Among them, the Bitfield message is used to indicate the bitmap information of certain file fragments, which have already been obtained by the current peer. In the BT client, a file is generally divided into several fragments whose size is 256 kB. Then, the fragments are indexed from 0 in sequence. Since the number of fragments is distinct for each file, the length of the Bitfield message is variable.

The format of the Bitfield message is shown in Figure 3, where len refers to the length of the Bitfield message, which occupies 4 Bytes. And id is the identifier of Bitfield message, of which the value is set to 5 occupying 1 Byte. The <bitfield> of X Bytes indicates the possession of specific file fragments, as depicted in Figure 4. The fragment with index 0 corresponds to the highest bit of the first byte, and so on. If the bit is “1” in the position, it is revealed that the corresponding fragment is possessed while a bit “0” means that certain fragment is not possessed by the peer.

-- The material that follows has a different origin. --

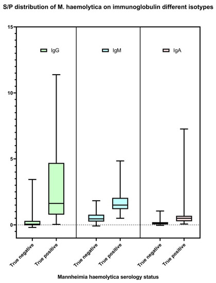 Distribution of M. haemolytica IgG, IgM, and IgA isotype-specific ELISA sample-to-positive (S/P; Y-axis) based on test validation samples (n = 145). Serum samples collected from the cattle that were negative for M. haemolytica culture on study day 0 (n = 100) were classified as true M. haemolytica antibody-negative. Serum samples collected from the cattle at least 14 days after M. haemolytica isolation positive (n = 45) were classified as true M. haemolytica antibody positive.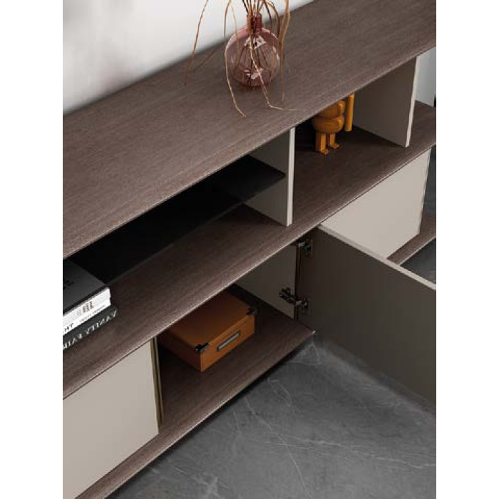 خزانة جانبية مع 4 أبواب خشبية وأرفف ◊ السطح العلوي: سطح بسماكة 25 مم مع تشطيب قشرة خشبية. ◊ التخزين: تخزين بأربعة أبواب مفتوحة. ◊ الإكسسوارات: رف زجاجي رمادي مقسّى في المنتصف. الحجم: - 2400W x 400D x 750H مم الشركة المصنعة / بلد المنشأ: Kano.cn، الصين

It can be observed that the Bitfield message is only sent after completing a “handshake” immediately. Since there is no content-authentication mechanism of Bitfield message in BT client, the modification of <bitfield> may not arise abnormally. In other words, the altered <bitfield> will default as the original content. Although the Bitfield message is only exchanged for once during the single interaction of two peers, the size of the delivered data is considerable. Therefore, the Bitfield message is employed as the steganographic carrier in this paper.

4. The Proposed Scheme

4.1. System Model

The proposed steganographic system model is presented in Figure 5. The steganographic peers include steganographic sender and receiver, which disguise as the legitimate BT clients. The open-source code of the BT client is modified according to the proposed scheme, which is implemented as follows:(1)Steg-preparing: first, the steganographic mode (Single-Link Steg or Multi-Link Steg) is selected by the sender-peer in accordance with the secret size. And a suitable video file is chosen as a shared resource. Second, the critical information of the shared video file, such as file name and format, is delivered to the receiver-peer via e-mail, instant messaging, and so on.(2)Normal BitTorrent communication/before-steg: the steganographic peers request the common file resource from the Tracker and establish TCP link with each other.(3)Steg-synchronization: the steganographic peers exchange the Handshake message to authenticate their identities in covert communication.(4)Steg-implementation: the sender-peer embeds the secret information into the Bitfield message according to the selected steganographic mode. Then, the altered Bitfield message is sent to the receiver-peer, from which the secret information can be extracted.(5)Normal BitTorrent communication/after-steg: after accomplishing the transmission of secret information, the steganographic peers still exchange the negotiation messages and transfer the required video file fragments, as the other normal BT peers.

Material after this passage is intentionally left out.